Сара сидела молча, обдумывая его слова, пытаясь найти несоответствия в его истории, пункт, по которому она могла бы его еще расспросить. Но оказалось, что такового нет. Она подумала, что он, вероятно, говорит правду. Она ясно видела, что Луи де Бурже свободно владеет всеми великосветскими манерами — она могла об этом судить в полной мере после нескольких лет, проведенных в Лондоне в качестве ученицы в модном ателье. Если он и был самозванцем и не являлся родственником маркиза, то поведение его этого ни разу не выдало. Какой человек, не имея соответствующего воспитания, может позволить себе быть таким грубым, показывать, как все ему наскучило, как это частенько делает он? Кто еще может носить такое платье и, кажется, его не замечать? Его тонкое смуглое лицо вполне вписалось бы в ряд тех, кто смотрел на парижскую толпу с эшафота.
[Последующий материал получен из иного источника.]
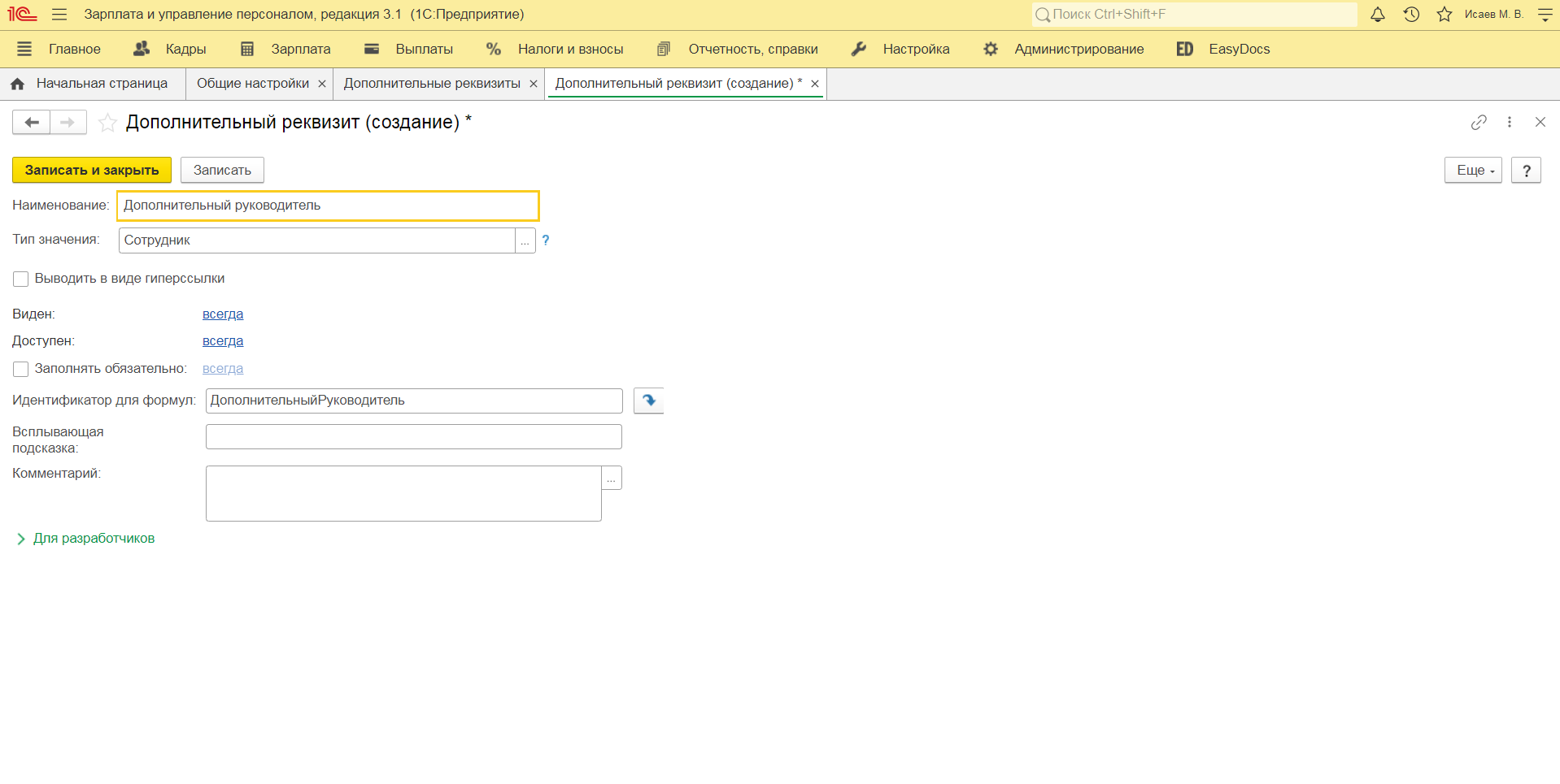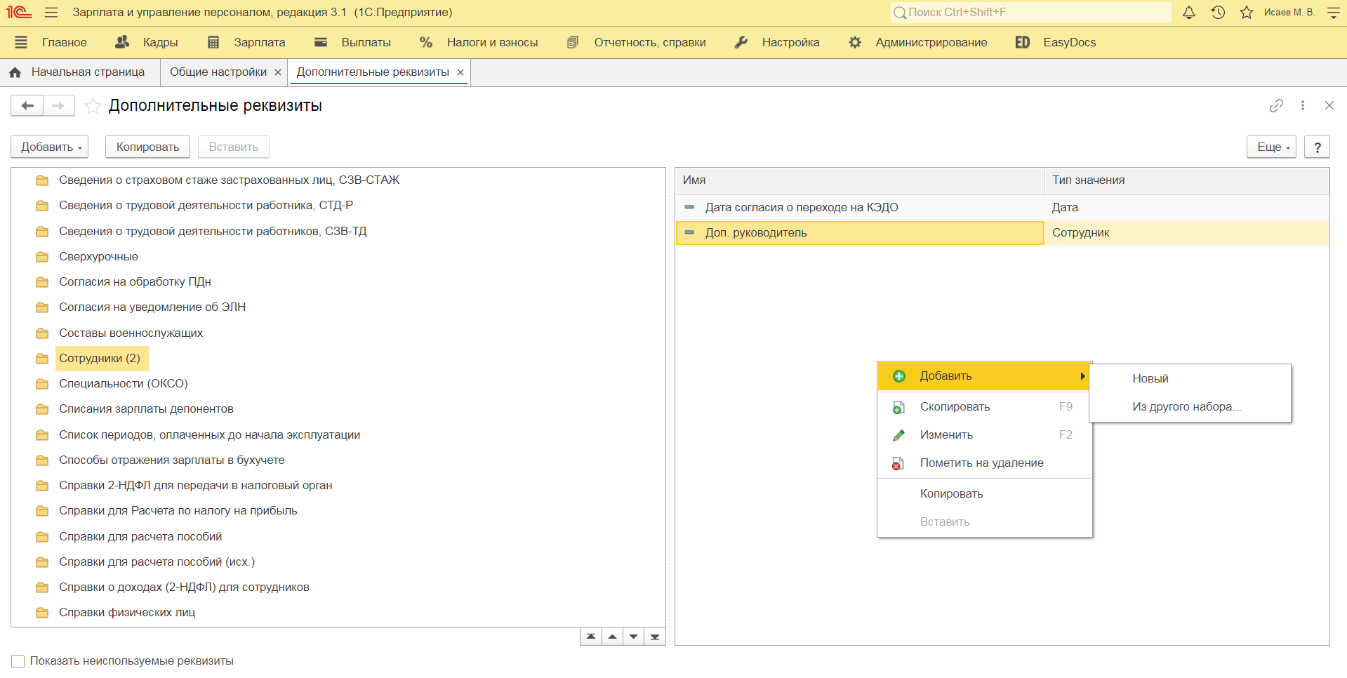 Определение дополнительного руководителя производится с помощью дополнительного реквизита сотрудника. Добавление такого реквизита производится в разделе 1С: ЗУП / Администрирование / Общие настройки.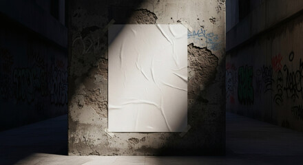 A blank white poster is affixed to a weathered, graffiti-covered concrete wall in a dimly lit urban alleyway, illuminated by a dramatic shaft of light.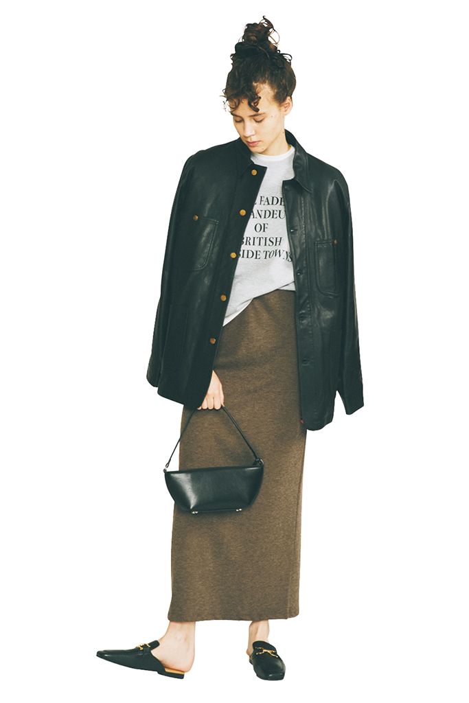 リラクシーなスエット+ニットが引き締まるレザーの強気な質感。ジャケットは肩にひっかける程度にとどめ、ルーズな装いを洒脱に仕上げて。 レザージャケットは着まわし。ロゴスエット/ハチイチブランカ(UTS PR) ニットスカート/MANGO シューズ/カミナンド(グラビテート)

— Что же до моей женитьбы, — продолжал он так же тихо, но отчетливо, даже на фоне громовых раскатов, — это еще один предмет для досужих толков. Я ничуть не хуже в этом отношении, чем многие мои предшественники: моя ошибка, возможно, просто более очевидна. Она была так хороша, что заставила меня пренебречь благоразумием, которое подсказывало мне, что мы друг другу не подходим. Она была так молода, что я полагал, что она приспособится к моим желаниям, но здесь я полностью заблуждался: она обладала волей и характером зрелой женщины. До своего появления в Лондоне она не имела ни малейшего представления ни о какой жизни, кроме той, к какой привыкла в своем огромном неуютном доме. Единственным предметом разговора была охота, а летом они впадали в спячку. Это был ее единственный мир, а у меня не хватило разума и чувства понять, что никакой другой ей и не нужен. После того как у нас родилась дочь, она отправилась навестить семью. И тут она написала мне, что не собирается возвращаться.
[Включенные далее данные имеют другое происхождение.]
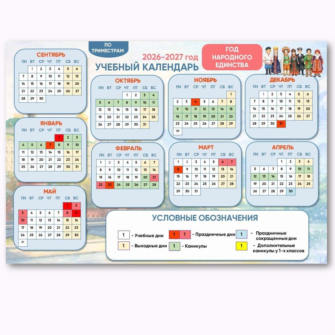 Учебный календарь 2026-2027 учебный год. Спланируйте предстоящий год заранее с нашим полным руководством. В материале представлен официальный учебный календарь на 2026-2027 год, который станет незаменимым помощником для родителей и педагогов. Мы детально разобрали структуру обучения: представлен классический учебный календарь по четвертям с точными датами каникул, а также учебный календарь по триместрам для тех, кто учится по модульной системе. Сохраните для себя важные праздничные даты, чтобы ничего не упустить в новом учебном году.
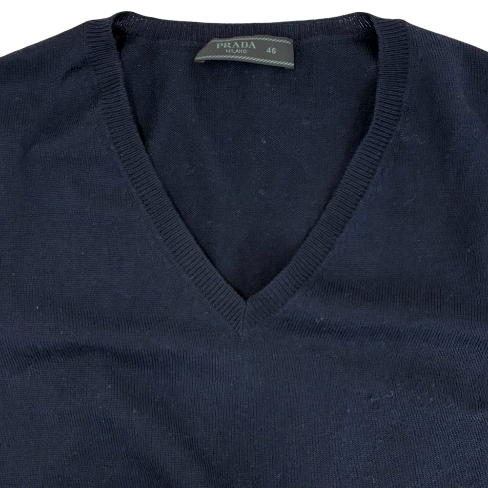 PRADA Vネックニット 長袖 DNA386 507 サイズ46(約Mサイズ相当) ネイビー プラダ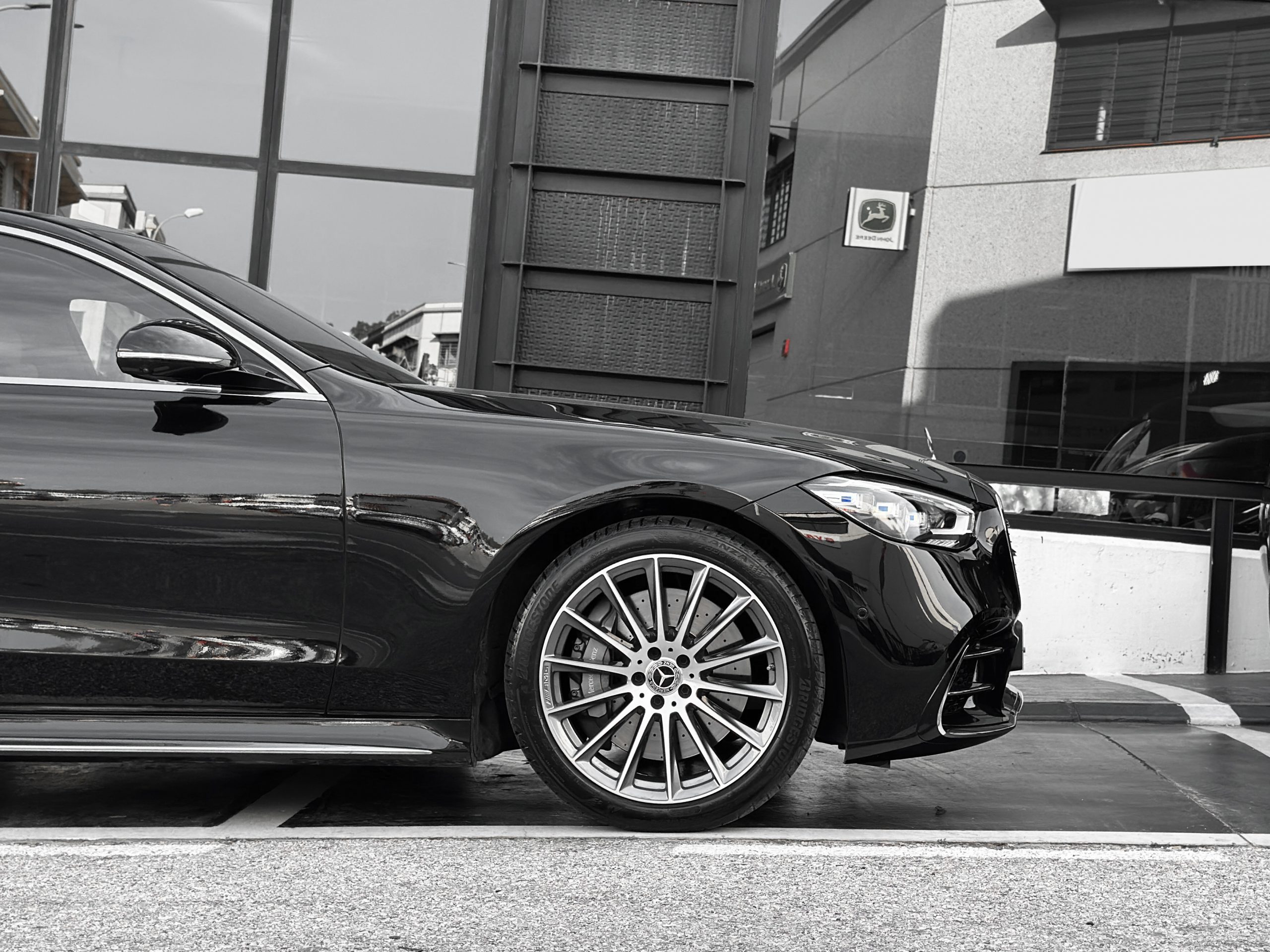 – 20″ AMG alloy wheels in multi-spoke design and Himalayan Gray finish.

— И ты согласился принять это?

— Честно говоря, Сара, к тому времени она мне уже стала настолько безразлична, что я не сделал новых попыток расшевелить эту душу, лишенную воображения. Как только ее прекрасное лицо исчезло с моих глаз, я понял, что совсем не привязан к ней. Ее невозможно было завоевать никакими подарками, кроме лошадей, а жить с женщиной, которую интересуют только лошади, довольно утомительно. Думаю, ее семья считает несмываемым позором то, что она так публично расторгла наши узы. Но она отказалась вернуться ко мне, если только я не найду дома где-нибудь поблизости и не приноровлюсь к их охотничьему расписанию. Мне это предложение совсем не показалось заманчивым. И вот она продолжает жить со своими родителями, и мы изредка обмениваемся письмами — в основном касательно денег.

— А ребенок, твоя дочь? — подсказала Сара.

— Я о ней почти ничего не знаю. Ее мать совсем не обладает даром писать письма. Думаю, однако, что девочка обучится верховой езде раньше, чем сможет хоть что-то написать.

— Это грустно, — пробормотала Сара. — Такая пустая трата…

— Пустая… вот именно! Обе наши жизни истрачены впустую. Она была холодна как ледышка. Я бы с готовностью простил ей ее жадность и себялюбие, но не отсутствие тепла. Я не смог жить с женщиной, для которой муж был просто чем-то, что необходимо терпеть.

Сару охватила внезапная жалость к нему. Она никогда не могла себе представить, что сможет жалеть Луи, такого уверенного в себе и циничного; с этого момента ее чувства к нему изменились. Она увидела разочарование и горечь там, где до того замечала лишь изящные манеры и смиренную готовность отчаявшегося человека принять мир как он есть. Она знала, что через несколько секунд он станет прежним, но все же успела уловить нечто, скрытое за внешней легкостью.

Она вскочила и подошла к нему. Вспышка молнии озарила деревья на другом берегу реки, аккуратно возделанные акры Кинтайра и каждую черточку лица Луи, каждую деталь его внешности. Он ждал с какой-то отстраненной улыбкой на губах, пока она заговорит.